Pengertian Pengelolaan Pesisir Secara Terpadu dan Berkelanjutan yang Berbasis Masyarakat
Menurut Sain dan Krecth, Pengelolaan Pesisir Terpadu (P2T) adalah proses yang dinamis yang terus
menerus dalam membuat keputusan-keputusan tentang pemanfaatan, pembangunan, dan perlindungan wilayah
dan sumberdaya pesisir dan lautan. Bagian penting dalam pengelolaan terpadu adalah perancangan proses
kelembagaan untuk mencapai harmonisasi dalam cara yang dapat diterima secara politis. Kegiatan
berkelanjutan secara ekonomi berarti bahwa kegiatan pembangunan mampu membantu pertumbuhan ekonomi,
pemeliharaan kapital, dan penggunaan sumberdaya serta investasi secara efisien. Berkelanjutan secara ekologis
adalah dapat mempertahankan integritas ekosistem, memelihara daya dukung lingkungan, dan konservasi SDA
termasuk keanekaragaman hayati (biodiversity) sehingga pemanfaatan sumberdaya dapat berkelanjutan.

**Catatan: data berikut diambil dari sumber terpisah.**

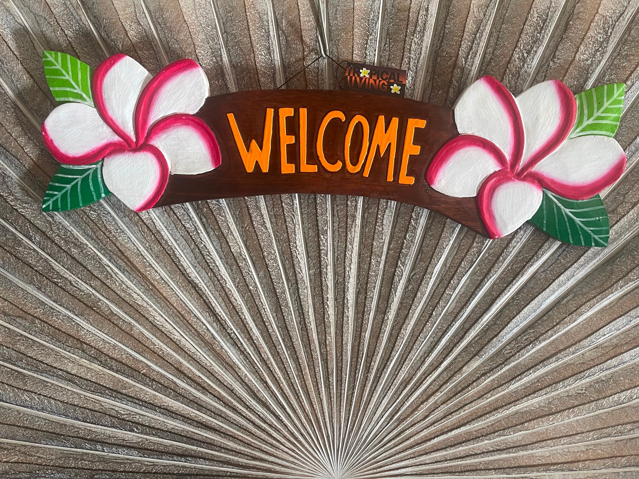 This hand crafted & carved FRANGIPANI ALOHA sign will add fun and charm to your Tiki Bar or Tropical entertaining area's
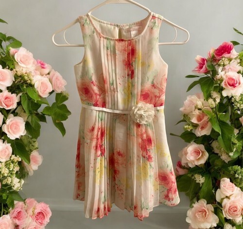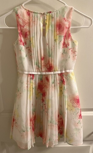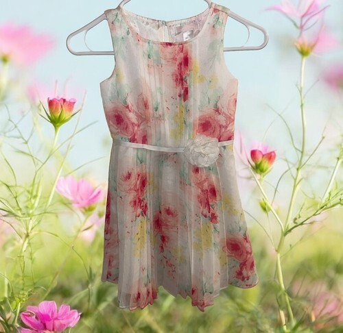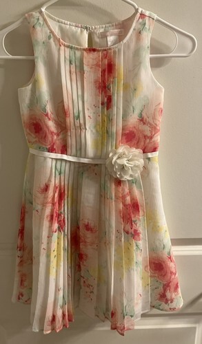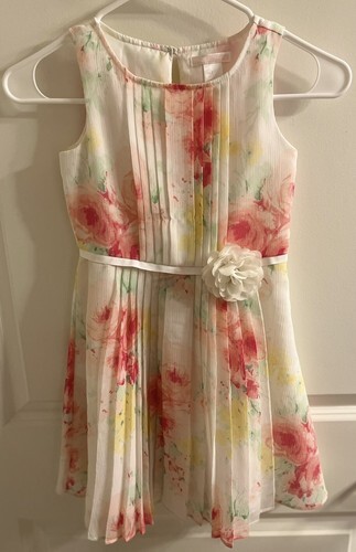 This Janie and Jack dress is perfect for any special occasion. The pink and white floral pattern is cute and charming, making it a great choice for girls. The dress is ideal for parties, weddings, or formal events. This dress is a must-have for any little girl who loves weddings or special occasions. Very good condition and comes from a smoke free home! Pictures taken with and without flash also there is a photo where it shows where at the collar there are a few stitches missing along neckline, hardly noticeable though.

Berkelanjutan secara sosial politik berarti kegiatan pembangunan dapat menciptakan pemerataan hasil
pembangunan, mobilitas sosial, kohesi sosial, partisipasi masyarakat, pemberdayaan masyarakat (dekratisasi),
identitas sosial, dan pengembangan kelembagaan (Wiyana, 2004). Pengelolaan berbasis masyarakat berarti
suatu sistem pengelolaan SDA di suatu tempat melibatkan masyarakat lokal secara aktif dalam proses
pengelolaan SDA yang terkandung di dalamnya (Nurmalasari, 2001). Di Indonesia, pengelolaan sumberdaya
berbasis masyarakat ditetapkan dalam Pasal 33 UUD 1945 yang menyebutkan bahwa bumi dan air dan
kekayaan alam yang terkandung di dalamnya dikuasai oleh Negara dan dipergunakan sebesar-besarnya bagi
kemakmuran rakyat. Ketentuan tersebut agar pelaksanaan penguasaan negara atas SDA diarahkan kepada
tercapainya manfaat bagi kemakmuran rakyat banyak yang sebesar-besarnya, mampu mewujudkan keadilan
dan pemerataan, memperbaiki dan memajukan kehidupan masyarakat pesisir.
Wilayah laut daerah provinsi meliputi sejauh dua belas mil laut yang diukur dari garis pantai arah laut
lepas dan atau kearah perairan kepulauan. Wilayah laut daerah kabupaten dan kota adalah sepertiga wilayah
laut daerah provinsi. Oleh karena itu, daerah pesisir merupakan kewenangan dari daerah kabupaten dan kota.
Selain itu juga diterbitkan Undang-Undang Nomor 2007 Tahun 2007 tentang pengelolaan wilayah pesisir dan
pulau-pulau kecil. Berdasarkan data jumlah kabupaten/kota di Indonesia pada tahun 2002, sebanyak 68%
diantaranya memiliki wilayah pesisir. Kabupaten/kota di Indonesia memiliki karakteristik fisik wilayah pesisir
yang berbeda dalam pengelolaannya. Perencanaan dan pengelolaan wilayah pesisir baik ditingkat pusat
maupun di tingkat daerah lebih banyak bersifat sektoral (Muttaqiena dkk, 2009).